» **Records for the task**:
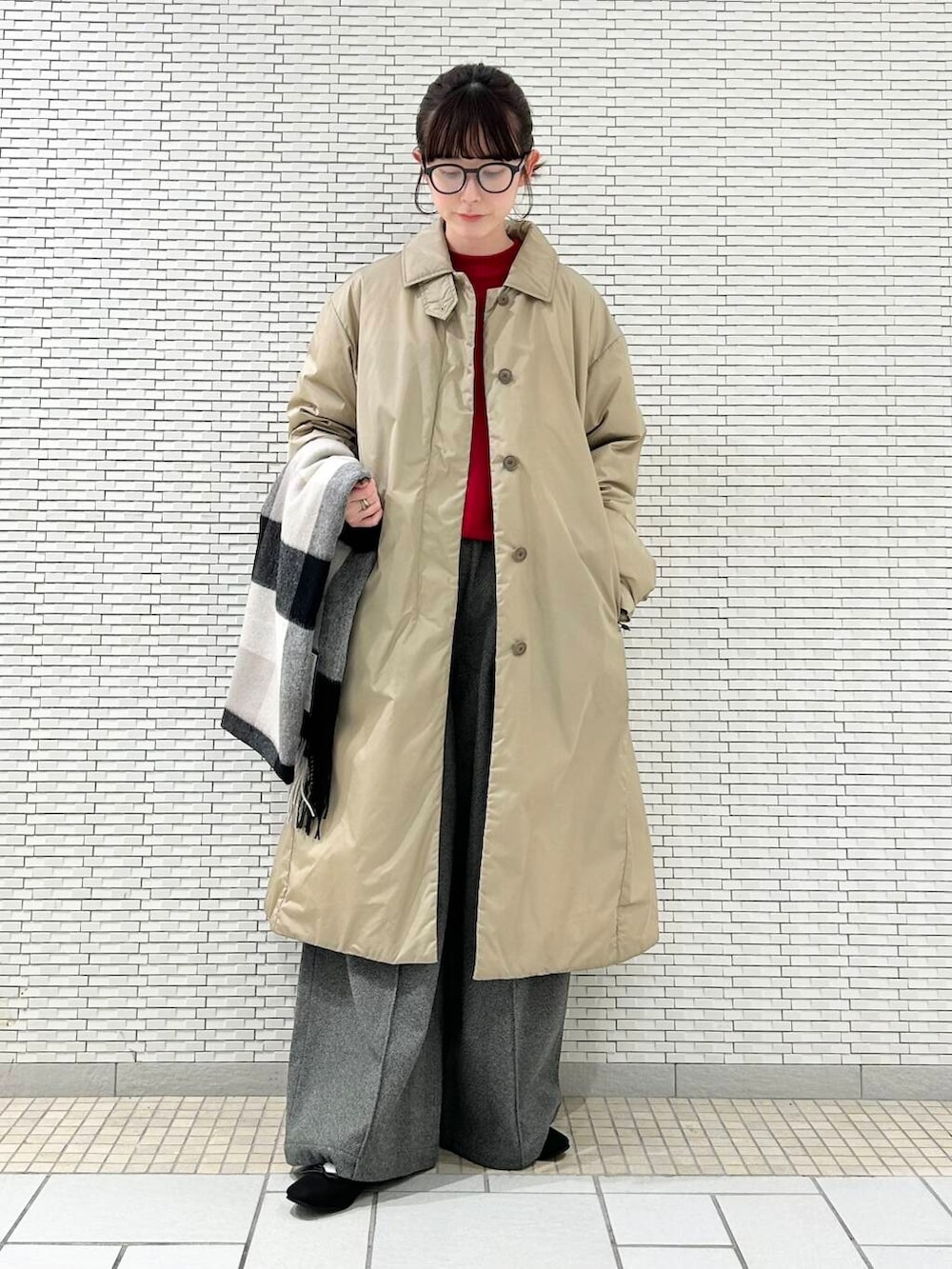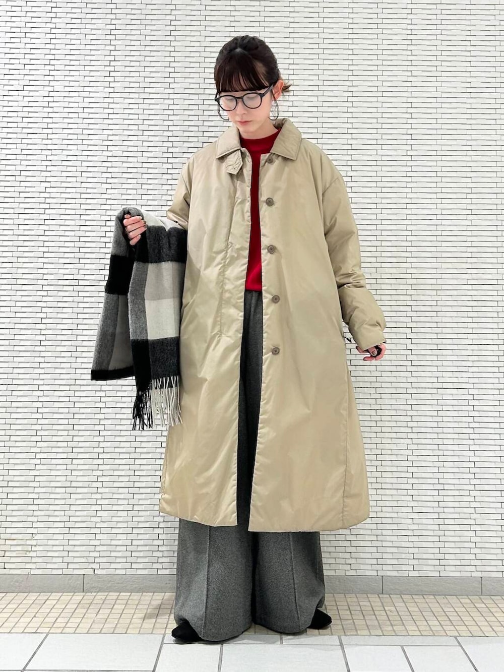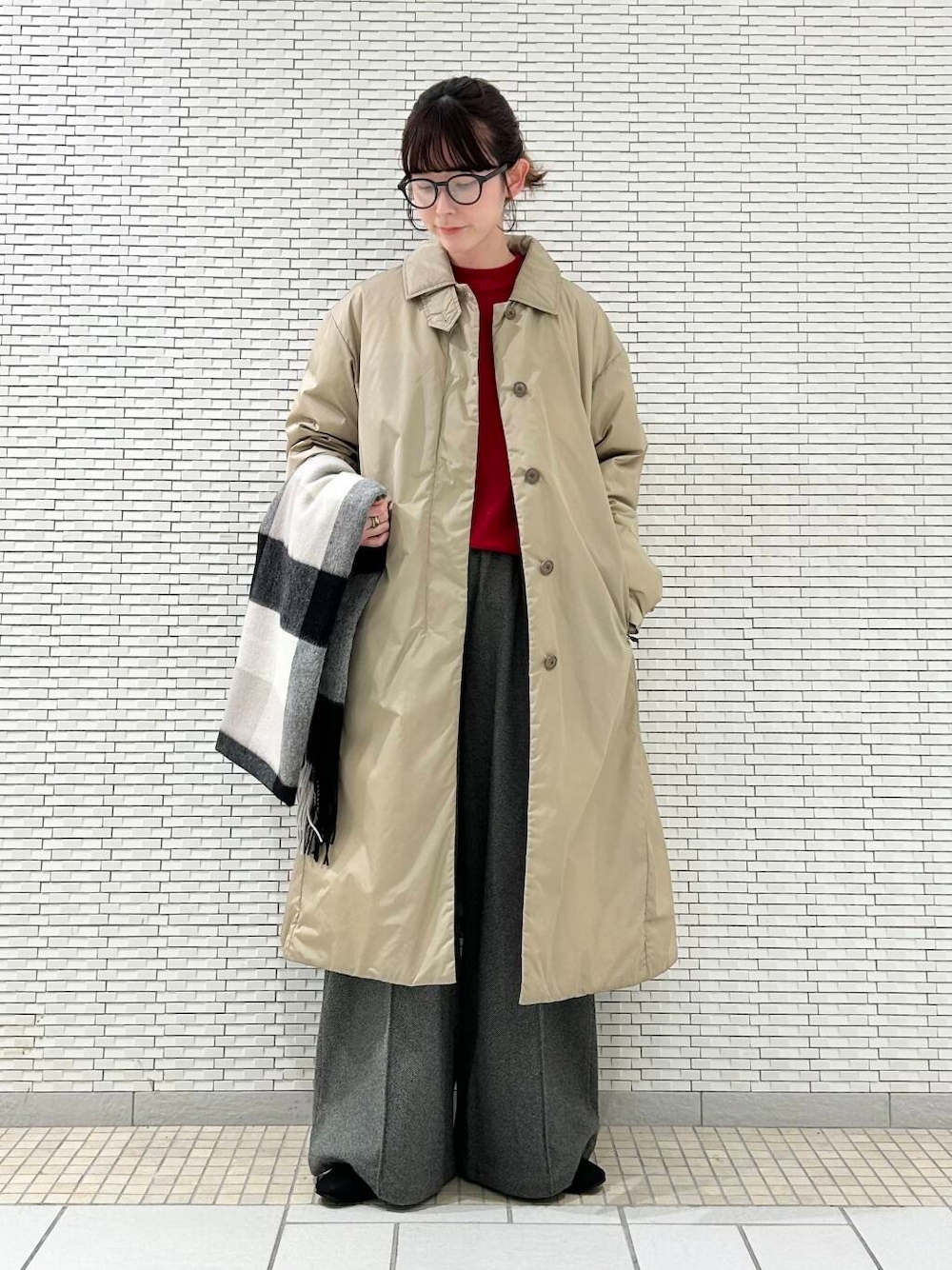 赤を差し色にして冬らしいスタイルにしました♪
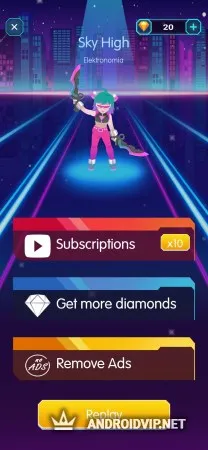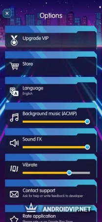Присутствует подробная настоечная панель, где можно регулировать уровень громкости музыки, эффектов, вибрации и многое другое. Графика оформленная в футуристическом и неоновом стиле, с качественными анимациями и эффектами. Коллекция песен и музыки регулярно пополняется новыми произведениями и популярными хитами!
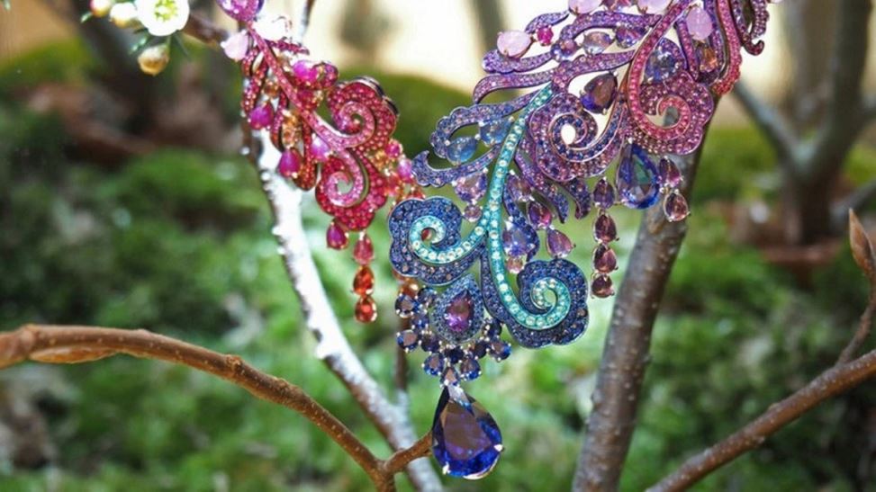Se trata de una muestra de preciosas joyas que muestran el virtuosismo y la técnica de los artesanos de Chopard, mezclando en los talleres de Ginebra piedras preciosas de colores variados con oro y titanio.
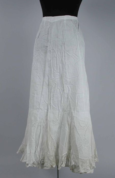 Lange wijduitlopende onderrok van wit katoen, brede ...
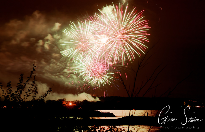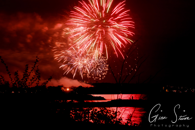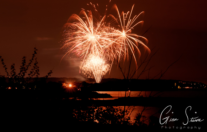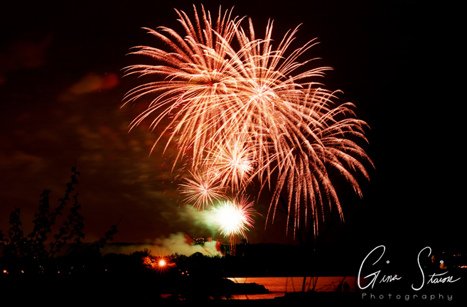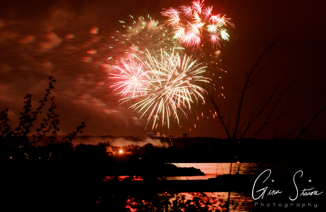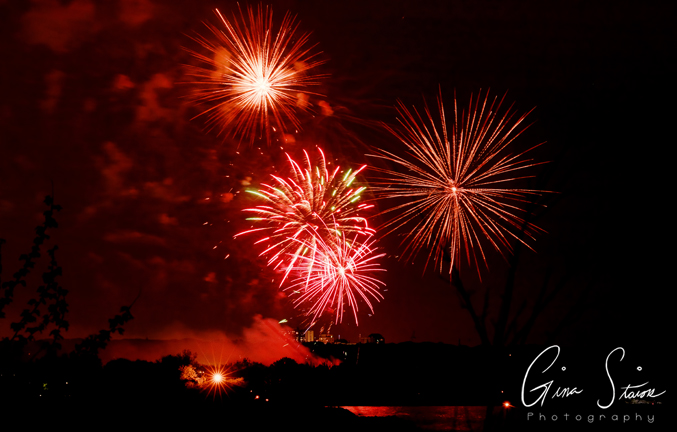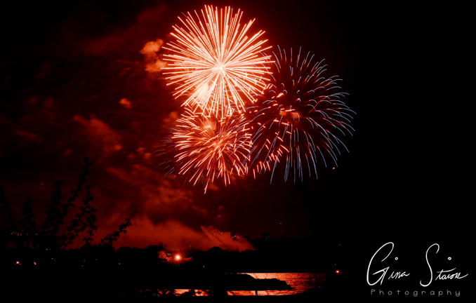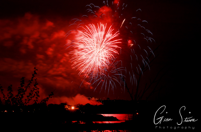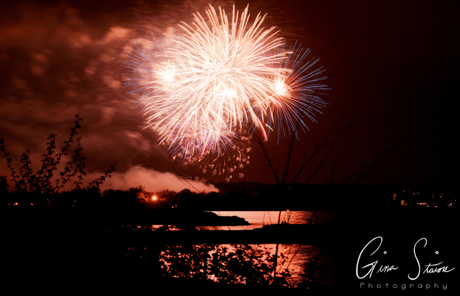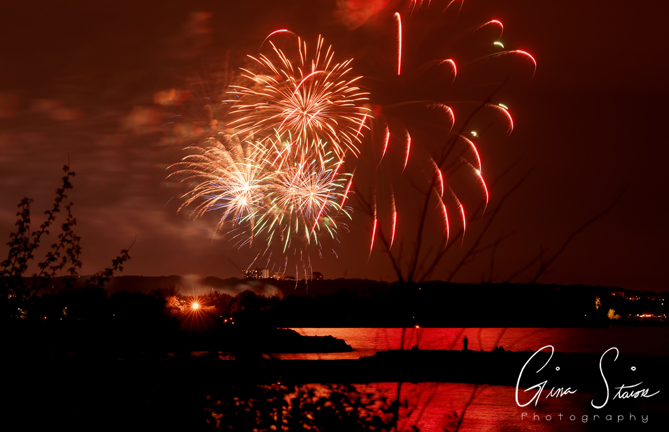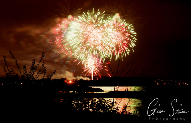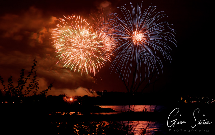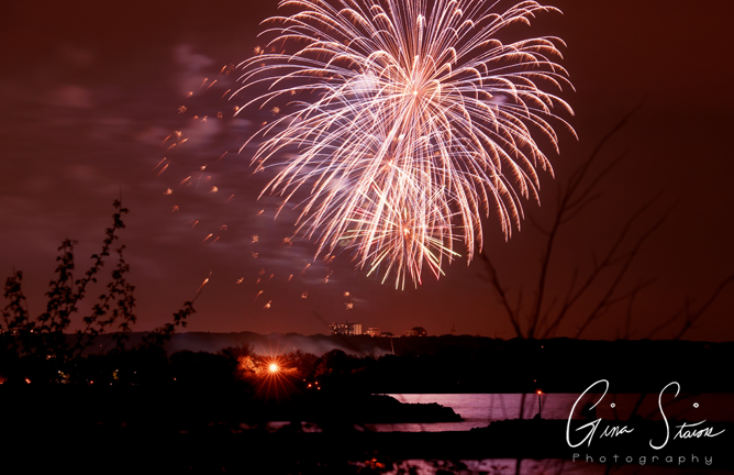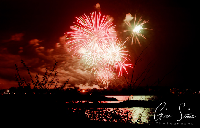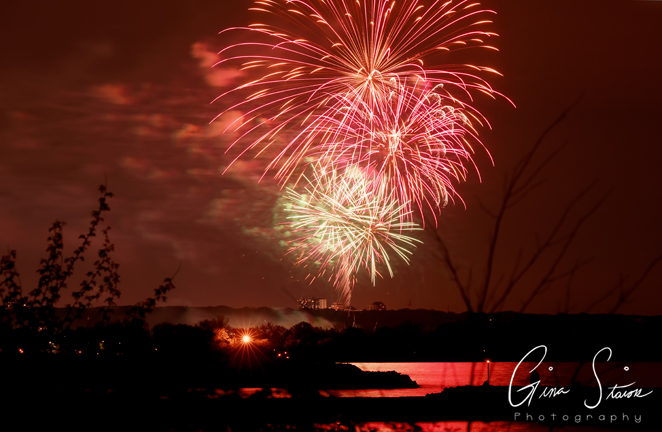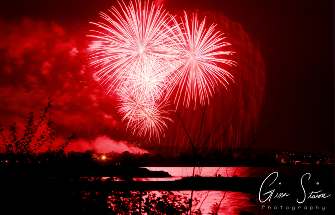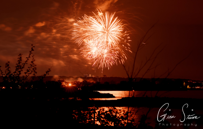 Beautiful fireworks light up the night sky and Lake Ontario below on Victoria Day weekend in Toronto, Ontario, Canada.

» **Task goal**:
Go to the line above that contains "Присутствует подробная настоечная" and reproduce everything exactly from there through the line that contains "Se trata de", leaving out the pictures.

» **Answer for the task**:
Присутствует подробная настоечная панель, где можно регулировать уровень громкости музыки, эффектов, вибрации и многое другое. Графика оформленная в футуристическом и неоновом стиле, с качественными анимациями и эффектами. Коллекция песен и музыки регулярно пополняется новыми произведениями и популярными хитами!
Se trata de una muestra de preciosas joyas que muestran el virtuosismo y la técnica de los artesanos de Chopard, mezclando en los talleres de Ginebra piedras preciosas de colores variados con oro y titanio.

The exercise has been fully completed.